:: Exercise description ::
Among the lines below, copy exactly those from the one with "现在为路径描边生成的缝线制作一些体积感,使用投影效果和浮雕效果可以实现。" through the one with "Aiming at Amazon:: The", counting both ends.

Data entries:
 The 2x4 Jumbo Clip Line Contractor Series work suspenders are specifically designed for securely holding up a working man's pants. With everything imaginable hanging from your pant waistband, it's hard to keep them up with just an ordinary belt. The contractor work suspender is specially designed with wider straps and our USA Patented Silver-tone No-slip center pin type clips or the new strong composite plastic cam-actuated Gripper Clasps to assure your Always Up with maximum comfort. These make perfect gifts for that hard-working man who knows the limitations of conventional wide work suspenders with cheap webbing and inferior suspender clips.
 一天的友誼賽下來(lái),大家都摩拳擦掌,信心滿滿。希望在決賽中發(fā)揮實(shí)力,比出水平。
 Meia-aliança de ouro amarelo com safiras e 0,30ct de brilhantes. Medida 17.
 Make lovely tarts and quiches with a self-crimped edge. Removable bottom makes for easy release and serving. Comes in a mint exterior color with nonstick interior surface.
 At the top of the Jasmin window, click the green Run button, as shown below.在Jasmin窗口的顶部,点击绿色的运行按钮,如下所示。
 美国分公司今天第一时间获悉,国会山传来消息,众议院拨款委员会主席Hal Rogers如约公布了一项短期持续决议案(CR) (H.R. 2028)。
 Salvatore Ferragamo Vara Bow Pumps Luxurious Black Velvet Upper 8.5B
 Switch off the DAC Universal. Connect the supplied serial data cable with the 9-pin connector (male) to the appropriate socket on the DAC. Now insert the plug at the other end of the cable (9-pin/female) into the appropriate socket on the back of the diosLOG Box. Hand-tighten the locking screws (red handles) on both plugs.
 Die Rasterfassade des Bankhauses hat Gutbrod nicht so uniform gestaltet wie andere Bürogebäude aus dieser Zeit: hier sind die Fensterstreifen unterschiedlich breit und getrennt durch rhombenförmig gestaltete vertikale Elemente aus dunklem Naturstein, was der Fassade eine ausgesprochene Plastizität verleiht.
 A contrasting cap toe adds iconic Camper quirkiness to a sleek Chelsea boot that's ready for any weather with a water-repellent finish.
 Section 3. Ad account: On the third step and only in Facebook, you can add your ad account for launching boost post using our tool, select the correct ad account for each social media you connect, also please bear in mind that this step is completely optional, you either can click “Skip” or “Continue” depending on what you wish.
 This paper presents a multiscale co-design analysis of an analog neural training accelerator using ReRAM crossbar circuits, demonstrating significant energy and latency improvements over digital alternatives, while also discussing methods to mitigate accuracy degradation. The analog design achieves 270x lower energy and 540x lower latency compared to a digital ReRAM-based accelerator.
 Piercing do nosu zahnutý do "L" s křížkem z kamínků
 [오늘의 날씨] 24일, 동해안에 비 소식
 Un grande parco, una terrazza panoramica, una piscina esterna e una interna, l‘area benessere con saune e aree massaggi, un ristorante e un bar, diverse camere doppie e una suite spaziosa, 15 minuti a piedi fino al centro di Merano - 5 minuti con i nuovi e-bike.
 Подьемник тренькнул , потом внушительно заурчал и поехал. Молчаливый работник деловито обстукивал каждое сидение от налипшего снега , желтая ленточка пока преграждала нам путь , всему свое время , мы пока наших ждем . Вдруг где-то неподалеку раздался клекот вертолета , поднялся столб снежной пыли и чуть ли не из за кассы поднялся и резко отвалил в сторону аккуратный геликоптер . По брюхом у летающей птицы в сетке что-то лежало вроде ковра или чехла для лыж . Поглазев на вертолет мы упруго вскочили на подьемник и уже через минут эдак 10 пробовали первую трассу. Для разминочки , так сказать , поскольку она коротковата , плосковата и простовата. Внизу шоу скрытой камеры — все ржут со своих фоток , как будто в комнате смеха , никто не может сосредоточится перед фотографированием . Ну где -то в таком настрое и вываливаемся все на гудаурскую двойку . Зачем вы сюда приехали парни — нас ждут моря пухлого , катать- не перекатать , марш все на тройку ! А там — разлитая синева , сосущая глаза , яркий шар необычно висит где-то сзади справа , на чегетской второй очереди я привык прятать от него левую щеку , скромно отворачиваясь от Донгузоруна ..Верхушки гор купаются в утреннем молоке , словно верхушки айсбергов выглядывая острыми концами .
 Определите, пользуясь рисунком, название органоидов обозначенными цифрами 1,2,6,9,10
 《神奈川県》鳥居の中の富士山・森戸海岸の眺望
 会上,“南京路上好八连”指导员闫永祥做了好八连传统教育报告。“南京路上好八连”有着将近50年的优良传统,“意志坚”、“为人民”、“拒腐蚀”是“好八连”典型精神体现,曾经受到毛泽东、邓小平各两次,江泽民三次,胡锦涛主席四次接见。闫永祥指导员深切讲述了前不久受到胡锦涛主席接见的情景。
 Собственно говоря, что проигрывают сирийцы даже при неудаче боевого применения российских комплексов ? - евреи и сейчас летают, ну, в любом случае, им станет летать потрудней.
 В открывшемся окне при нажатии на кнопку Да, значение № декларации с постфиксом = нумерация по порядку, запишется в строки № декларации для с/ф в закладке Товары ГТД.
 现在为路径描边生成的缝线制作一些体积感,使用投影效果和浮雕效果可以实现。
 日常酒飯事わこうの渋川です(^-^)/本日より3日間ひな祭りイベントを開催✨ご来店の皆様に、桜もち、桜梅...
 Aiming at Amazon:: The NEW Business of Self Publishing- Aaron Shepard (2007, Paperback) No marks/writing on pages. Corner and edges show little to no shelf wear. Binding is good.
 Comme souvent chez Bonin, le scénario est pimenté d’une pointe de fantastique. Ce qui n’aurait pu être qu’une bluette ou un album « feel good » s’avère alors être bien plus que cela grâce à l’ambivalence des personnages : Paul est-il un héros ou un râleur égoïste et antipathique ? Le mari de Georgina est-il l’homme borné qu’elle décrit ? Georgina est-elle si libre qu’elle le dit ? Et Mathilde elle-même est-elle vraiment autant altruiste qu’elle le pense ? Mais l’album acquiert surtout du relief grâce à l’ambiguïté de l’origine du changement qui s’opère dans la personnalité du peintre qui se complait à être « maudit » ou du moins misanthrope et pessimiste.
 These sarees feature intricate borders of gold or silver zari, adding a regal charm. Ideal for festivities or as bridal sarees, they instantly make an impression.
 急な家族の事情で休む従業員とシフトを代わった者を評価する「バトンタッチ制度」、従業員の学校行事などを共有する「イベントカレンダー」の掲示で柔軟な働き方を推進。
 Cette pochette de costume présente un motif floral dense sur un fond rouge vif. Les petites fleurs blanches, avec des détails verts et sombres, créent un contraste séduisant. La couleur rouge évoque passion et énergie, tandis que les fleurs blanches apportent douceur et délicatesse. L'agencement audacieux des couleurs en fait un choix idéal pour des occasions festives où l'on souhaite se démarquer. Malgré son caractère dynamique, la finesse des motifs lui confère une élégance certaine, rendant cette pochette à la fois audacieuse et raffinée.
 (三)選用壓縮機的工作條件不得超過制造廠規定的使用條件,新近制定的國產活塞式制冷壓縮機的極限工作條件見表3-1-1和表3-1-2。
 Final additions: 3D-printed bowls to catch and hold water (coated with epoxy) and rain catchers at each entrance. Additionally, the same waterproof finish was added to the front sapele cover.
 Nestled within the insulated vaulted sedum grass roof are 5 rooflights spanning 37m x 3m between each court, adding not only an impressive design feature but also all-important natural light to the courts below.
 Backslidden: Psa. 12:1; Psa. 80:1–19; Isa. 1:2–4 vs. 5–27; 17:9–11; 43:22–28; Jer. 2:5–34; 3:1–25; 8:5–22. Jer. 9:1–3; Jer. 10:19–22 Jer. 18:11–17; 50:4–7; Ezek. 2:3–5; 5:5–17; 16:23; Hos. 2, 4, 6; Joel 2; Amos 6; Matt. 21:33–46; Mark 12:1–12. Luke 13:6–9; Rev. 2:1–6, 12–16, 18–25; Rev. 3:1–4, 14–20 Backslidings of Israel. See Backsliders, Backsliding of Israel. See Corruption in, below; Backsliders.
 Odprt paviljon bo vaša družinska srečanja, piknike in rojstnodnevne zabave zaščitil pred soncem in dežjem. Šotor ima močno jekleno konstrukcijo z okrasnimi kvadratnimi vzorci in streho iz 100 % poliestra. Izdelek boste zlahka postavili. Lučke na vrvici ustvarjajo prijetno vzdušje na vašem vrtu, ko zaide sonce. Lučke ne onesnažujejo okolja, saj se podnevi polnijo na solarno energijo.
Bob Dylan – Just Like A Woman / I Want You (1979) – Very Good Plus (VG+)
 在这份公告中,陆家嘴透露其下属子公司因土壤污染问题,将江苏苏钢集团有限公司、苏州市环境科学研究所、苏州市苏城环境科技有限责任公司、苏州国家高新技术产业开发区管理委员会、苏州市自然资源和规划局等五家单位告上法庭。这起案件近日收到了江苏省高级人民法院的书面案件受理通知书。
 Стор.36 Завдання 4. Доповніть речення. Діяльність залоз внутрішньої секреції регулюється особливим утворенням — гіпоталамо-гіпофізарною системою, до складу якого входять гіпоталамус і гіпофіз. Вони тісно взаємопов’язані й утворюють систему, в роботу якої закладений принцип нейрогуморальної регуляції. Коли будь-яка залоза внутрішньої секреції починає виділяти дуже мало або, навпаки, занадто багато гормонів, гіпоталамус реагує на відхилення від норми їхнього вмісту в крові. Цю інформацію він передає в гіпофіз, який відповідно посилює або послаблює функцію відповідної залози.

:: Output ::
 现在为路径描边生成的缝线制作一些体积感,使用投影效果和浮雕效果可以实现。
 日常酒飯事わこうの渋川です(^-^)/本日より3日間ひな祭りイベントを開催✨ご来店の皆様に、桜もち、桜梅...
 Aiming at Amazon:: The NEW Business of Self Publishing- Aaron Shepard (2007, Paperback) No marks/writing on pages. Corner and edges show little to no shelf wear. Binding is good.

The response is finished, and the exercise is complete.